1. Die Semmelbrösel in der Milch aufweichen. Die Zwiebel klein schneiden und in der Pfanne langsam anschwitzen, nicht braun werden lassen.
2. Das Hackfleisch mit den aufgeweichten Semmelbröseln, dem Ei, den angeschwitzten Zwiebeln, Dill und Petersilie gut mit den Händen vermischen. Mit Salz, Pfeffer und gemahlenem Piment nicht zu sparsam würzen. Etwas ruhen lassen und dann zu Bällchen formen.
3. Butterschmalz (oder Öl) in der Pfanne heiß werden lassen. Die Bällchen gut anbraten und dann bei mittlerer Hitze ca. 10 Minuten fertig braten.

Dazu schmeckt sehr gut Kartoffelpüree oder Salzkartoffeln. Heute gab’s Kartoffelecken dazu. Einfach Kartoffeln schälen und achteln, in kochendem Wasser 5 Minuten kochen. Dann auf einem, mit Olivenöl bepinseltem, Blech verteilen. Bei 200 Grad 30 Minuten im Ofen lassen und ab und zu wenden. Am Schluss mit Fleur de Sel und gemahlenem Pfeffer bestreuen. Unbedingt Preiselbeermarmelade dazu servieren!
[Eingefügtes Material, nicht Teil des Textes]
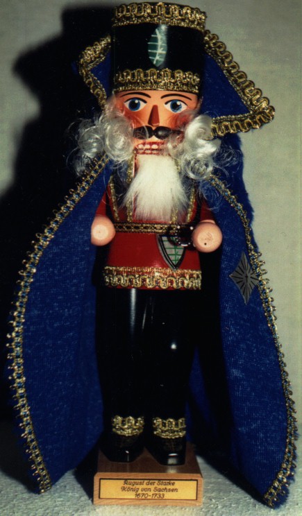 Die Herstellung von Schnitzarbeiten bot sich in waldreichen Gegenden an. Ursprünglich ist die Herstellung der Nussknacker allerdings nicht im Erzgebirge zu suchen. Während der Wintermonate und in schlechten Zeiten war es die einzige Möglichkeit der Kleinbauern und Bergmännern, mit ihren Familien einen Nebenverdienst zu erreichen. Im Grödner Tal, im Berchtesgardener Land, in Tühringen und dann später im Erzgebirge, hat die Herstellung von Holzwaren und Spielzeugen eine lange Geschichte. Tiermotive bei Nussknackern finden wir besonders im Alpenraum. Verzierte, hölzerne Nusszangen kommen aus Osteuropa. Der Nussknacker in Menschengestalt, hat seinen Ursprung im Alpenraum. Der älteste erhaltene Nussknacker ist ein Bettelmönch aus dem Jahre 1591. Zwei Jahrhunderte lang wurden in dem Südtiroler Bergdorf Görden, geschnitzte Nussknackerfiguren hergestellt. Sie stellen unter anderem geschnitzte Karikaturen, z.B. Dirnen, Mönche, und Krüppel dar. Zu Beginn des 20 Jh. wurde die Produktion eingestellt. In den Nussknackern aus der Röhn finden wir geschnitzte Figuren mit freundlichen Zügen. Ein immer wiederkehrendes Motiv ist das Eichhörnchen. Daneben aber hauptsächlich die Gestalten von Soldaten, Polizisten und Königen, Förstern und anderen Amtspersonen, die so den einfachen Leuten zu Diensten sein sollten. Diese naive Form der Sozialkritik war nicht frei von Häme. Die Nussknacker, zum Beispiel Repräsentanten der Obrigkeit, mussten schließlich die ganze Adventszeit über Sklavendienste für die armen Leute leisten. Außerdem zeigten sie symbolisch, angesichts der schlechten sozialen Lage, dass es endlich galt: "harte Nüsse zu knacken"! Figürliche Nussknacker werden auch als Napoleon, Bismarck, und den heutigen Politikern gestaltet. |
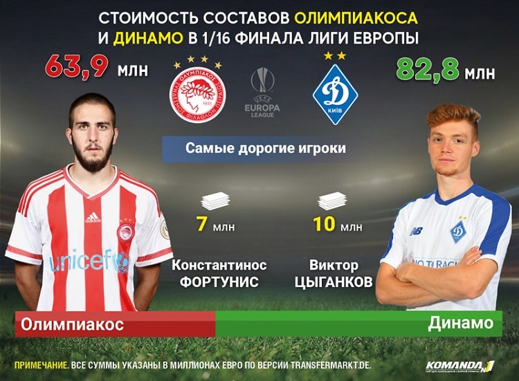 "Олимпиакос" - "Динамо". У состава киевлян преимущество почти в 19 млн евро
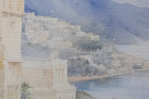 Foto Bahía cerca de la ciudad imitación de acuarela Nr r45979
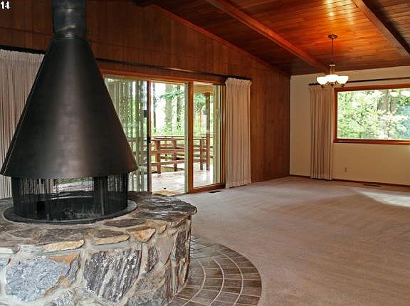 Forested land with trails and a seasonal creek, privacy and a home with Vaulted ceilings, Fireplace, Wood features - you'll feel like you have your own forest lodge! Slider to the 3/4 deck for enjoying the natural views. 30x30 insulated shop for projects, tool shed/dog run, covered RV parking & pad w/ power.
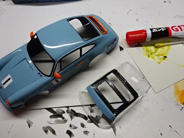 ウィンドウの接着ですが、今回の911みたいな一体物の場合はボンドで着けちゃいます。ボンドをボディとウィンドウに綿棒で塗り伸ばしまして。
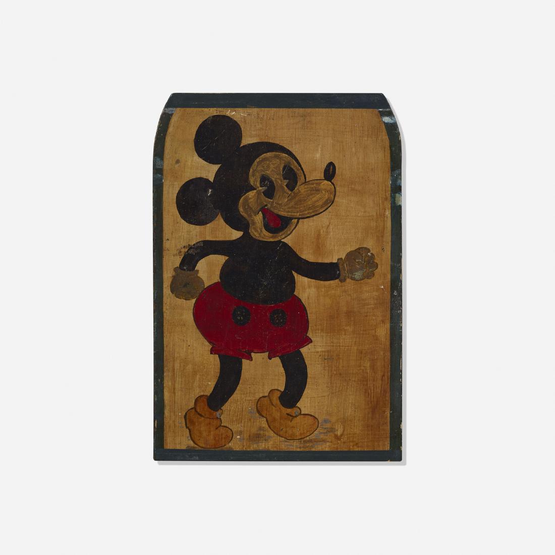 SoldAMERICAN MICKEY MOUSE DECORATIVE PLAQUE.Ca. 1930s. Home made wooden cut out of Mickey with original polychrome paint. Crazing and darkened varnish, minor wear. 10"h. not including stand (taped post).See Sold Price
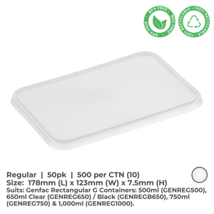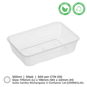 Rectangular G Containers (500ml) are ideal for food storage and a various other purposes. These microwave-save containers, made from recyclable, BPA-free, polypropylene plastic, are available in cartons of 500.
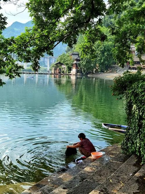 这里,城垣逶迤,河水悠悠,吊脚楼古色古香,古朴民风尚存,穿流三省的清水江依然碧绿,载着游客的小篷船来回穿梭。意外的惊喜,来自茶峒与洪安之间那摇啊摇的古老拉拉渡船,坐上去,一下子便把人拉回了久远的时光……
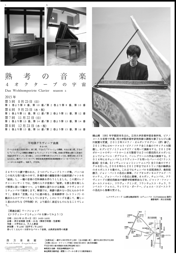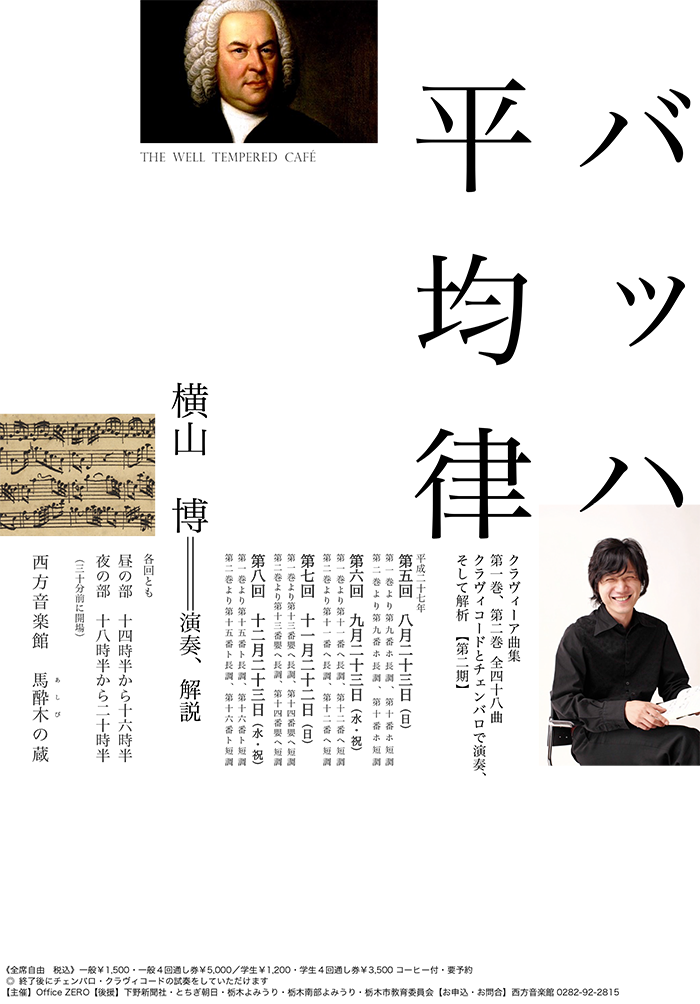 | 内容 | J.S .バッハ|平均律クラヴィーア曲集 ■第5回 第1巻より第9番ホ長調、第10番ホ短調/第2巻より第9番ホ長調、第10番ホ短調 ■第6回 第1巻より第11番へ長調、第12番へ短調/第2巻より第11番へ長調、第12番へ短調 ■第7回 第1巻より第13番へ長調、第14番へ短調/第2巻より第13番へ長調、第14番へ短調 ■第8回 第1巻より第15番ト長調、第16番ト短調/第2巻より第15番ト長調、第16番ト短調 |
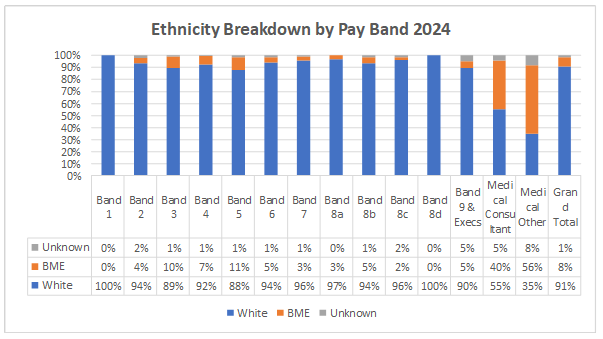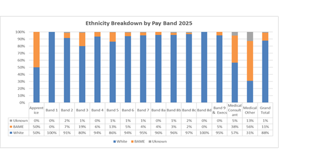- Very low levels of BAME staff are within higher bands, (excluding medical grades).

Auf die übliche Frage von mir, wie’s denn schmeckt, meint die kleine Naschkatze: “Super! Wie in der Metro-Kantine!” Aaaaaargh….

Grattis till Bröllopet!

citykitchen 15. Juni 2010

skagen

Toast Skagen

Ist eh klar: ich lese weder “Frau im Spiegel” noch “Das Neue Blatt” und der Klatsch und Tratsch aus den europäischen Königshäusern interessiert mich sowas von überhaupt nicht. Aber wenn alle paar Jahre eine von denen heiratet, bin ich dabei. Dann zapp ich nicht gleich weg, wenn die Glotze was über die Hochzeitsvorbereitungen bringt. Da bin ich ganz Mädchen. Rührselige Interviews, fähnchenschwingende Kinder, schicke Klamotten, coole Location - schön anzuschauen und tut nicht weh. Am Samstag geht’s also in Schweden rund; die Victoria ehelicht den Daniel (der mich immer an den zu Guttenberg erinnert…). Weil uns von der Wohnungseinrichtung bis zu unserem Namen einiges mit Schweden verbindet, schicken wir unsere Glückwünsche in Form eines kulinarischen Hattricks in den Norden: Heute gab’s Toast Skagen, morgen stehen Köttbullar auf dem Tisch und am Freitag lassen wir’s krachen mit Vodka Absolut. Alter Schwede…

Zutaten für 4 Toast:

• 250 g Nordseekrabben (im Original gekochte und geschälte Garnelen)
• 1/2 kleine rote Zwiebel, fein gehackt
• 3 - 4 Stengel frischen Dill, fein gehackt
• 2 EL Olivenöl
• 1 EL Zitronensaft
• Schale 1/2 Bio-Zitrone, gerieben
• 2 EL Sour Cream (z.B. von “Apostels”) oder Sauerrahm
• Meersalz
• schwarzer Pfeffer
• Forellenkaviar
• 4 dicke Scheiben Weißbrot
• Butter

1.In einer Schüssel die Krabben (oder Garnelen) mit der Zwiebel, der Hälfte des Dills, Olivenöl, Sour Cream, Zitronensaft und -schale vermischen. Mit Salz und Pfeffer würzen.
2. Eine Pfanne heiß werden lassen und die Brotscheiben reinlegen. Die Butter dazugeben und von beiden Seiten bei mittlerer Hitze rösten.
3. Die Krabbenmischung auf die gerösteten Brotscheiben verteilen, mit Kaviar und dem restlichem Dill garnieren.

Fazit: Im Original-Rezept werden geschälte Garnelen und Majonäse verwendet. Ich bin kein Fan von Majonäse und halte mich an die Variante von Jamie Oliver aus “Jamie Does”.